Afferrò una di quelle canne, la spogliò delle foglie, estrasse da una tasca una funicella ed in pochi istanti legò solidamente il suo coltello all’estremità di quell’asta.

Aveva appena terminato, quando vide uscire da una folta macchia un’ombra, la quale s’avanzava verso il fuoco con grande lentezza, mostrando due occhi che avevano dei bagliori verdastri. S’alzava, si abbassava fino a toccare col ventre la terra, poi s’arrestava come se fosse indecisa o fiutasse l’aria, poi si stirava come un gatto e agitava la sua lunga e sottile coda.

Pareva però che non avesse molta fretta di avvicinarsi al campo, tenuta forse in rispetto dal fuoco, il quale proiettava sulle piante vicine dei riflessi sanguigni.

— Una tigre o un grosso gatto selvatico? — si chiese il marinaio, le cui inquietudini aumentavano. — Diavolo!

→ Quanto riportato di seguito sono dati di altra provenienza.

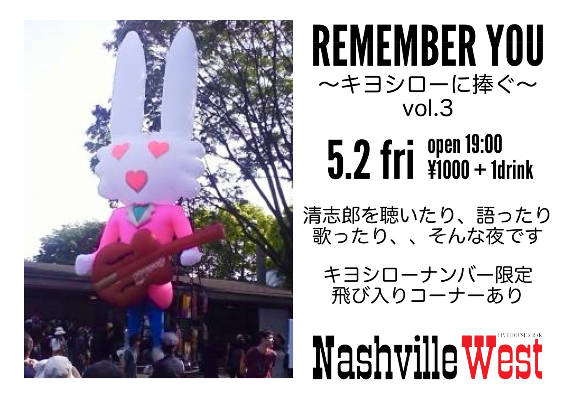 | 2025年5月2日(金) 『REMEMBER YOU 〜キヨシローに捧ぐ〜 Vol.3』 | ||

La cosa diventa seria e mi pare che valga la pena di tirare le gambe ai compagni. —

Scivolò rapidamente sotto la tenda e scosse vigorosamente Albani ed il mozzo, dicendo:

— Presto, uscite!... Un grave pericolo ci minaccia.

— Chi?... Che cosa succede? — chiese l’ex-uomo di mare, stropicciandosi vigorosamente gli occhi.

— Credo che si tratti d’una tigre, signore.

— Una tigre?... Usciamo! —

Quando si trovarono all’aperto, videro l’animale tranquillamente accovacciato a trenta passi dal fuoco.

Non era più possibile ingannarsi, vedendolo in piena luce: era una vera tigre; ma di razza malese, più tozza, più bassa di zampe e meno elegante di quelle reali del Bengala.